Faits divers – Justice

Landes : le propriétaire du kebab de Dax n'a pas subi de discrimination

Par Nelly Assénat, France Bleu Gascogne mardi 27 septembre 2016 à 10:31

Farid tenait le kebab Tanger près du tribunal de Dax
Farid tenait le kebab Tanger près du tribunal de Dax © Radio France - Christophe Van Veen

Un Dacquois est débouté en justice : le tribunal estime qu'il n'a pas subi de discrimination ethnique. Lui affirme que ses anciennes propriétaires refusaient de lui vendre un local car il est d'origine marocaine.

A-t-on refusé de lui vendre le logement dont il était locataire à cause de son origine ethnique ? Non, répond la justice.

Farid, Dacquois d’origine marocaine, en est pourtant persuadé. Il a attaqué ses propriétaires pour discrimination ethnique mais il a toujours perdu y compris en Cour de cassation. Ce père de famille tenait le Tanger, un restaurant kebab collé au palais de justice de Dax. Avec sa femme et ses enfants il vit pendant huit ans dans cet immeuble jusqu’à la mort de la propriétaire.

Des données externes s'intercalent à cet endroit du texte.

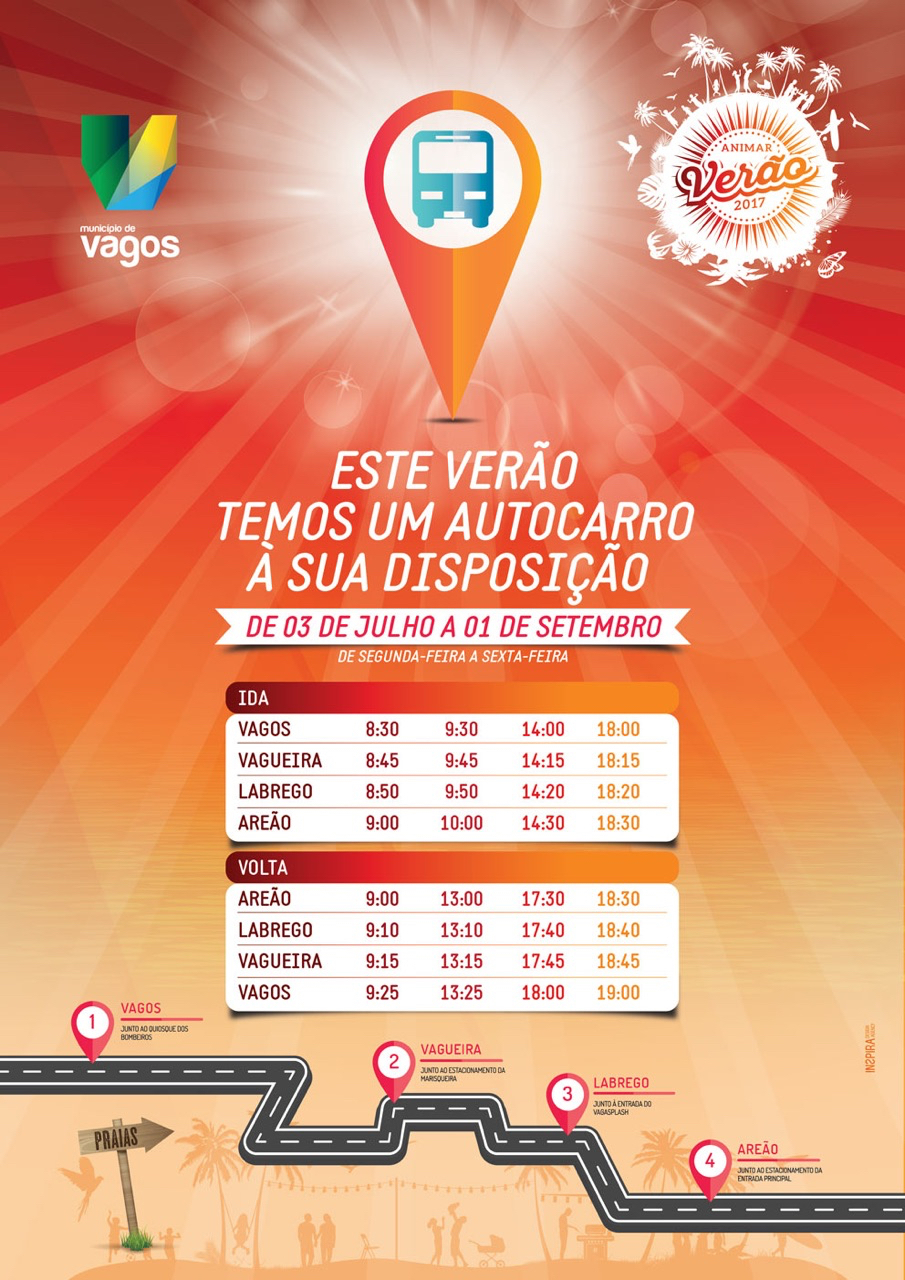 De 3 de julho a 1 de setembro de 2017, teremos um autocarro que fará a ligação Vagos – Praias, de 2.ª a 6.ª feira.

Les héritières, deux sœurs, affichent d’abord un prix rédhibitoire à la vente avant de baisser le logement à 110 000 euros. Farid l’apprend et fait une offre à l’agence immobilière avec qui il signe un sous- seing puis sa banque suit pour le prêt. Au moment de conclure la vente avec les propriétaires il affirme : "j'étais assis devant la dame de l'agence et quand elle a appelé une des propriétaires, elle a dit au téléphone -Hors de question à lui !- Pourquoi pas moi ? C'est ça qui me fait le plus mal".

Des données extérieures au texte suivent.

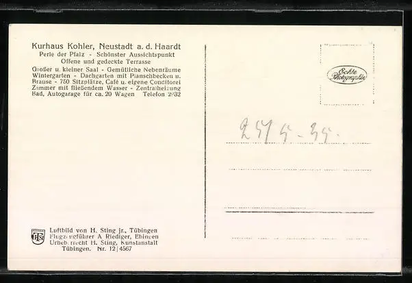 AK Neustadt a. d. H., Fliegeraufnahme des Kurhotels Köhler

Mes clientes ont été salies par les accusations de discrimination—Me Julie L'Hospital, avocate des propriétaires

Pour l'avocate des propriétaires, maître Julie L'Hostpital, "ces locataires se sont installés dans une démarche de victimisation. Les propriétaires, deux personnes retraitées, ont été salies par les accusations portées à leur encontre".

Sale arabe je l'ai entendu 40 fois dans ma vie, mais que quelqu'un refuse de vous vendre alors que vous avez tous les documents... je ne l'accepte pas—Farid

La procédure a duré près de 10 ans et à chaque fois Farid a perdu devant les tribunaux. Elle s’est soldée par un échec très amer pour cet homme qui est l’une des figures de la communauté musulmane de Dax. Farid estime qu'il a perdu "parce qu'il s'attaque à des gens riches et qu'il n'est qu'un petit". Il explique : "Qu'on me dise sale arabe je l'ai entendu 40 fois dans ma vie, mais que quelqu'un refuse de vous vendre alors que vous avez tous les documents... je ne l'accepte pas".

Hier lundi 26 septembre l'ancien patron du kebab a en outre été condamné pour procédure abusive par le tribunal correctionnel de Dax. Il devra verser 6 000 euros de dommages et intérêts à deux sœurs retraitées, et 1500 euros pour leurs frais de justice.

Depuis janvier 2016 le kebab près du tribunal de Dax est fermé.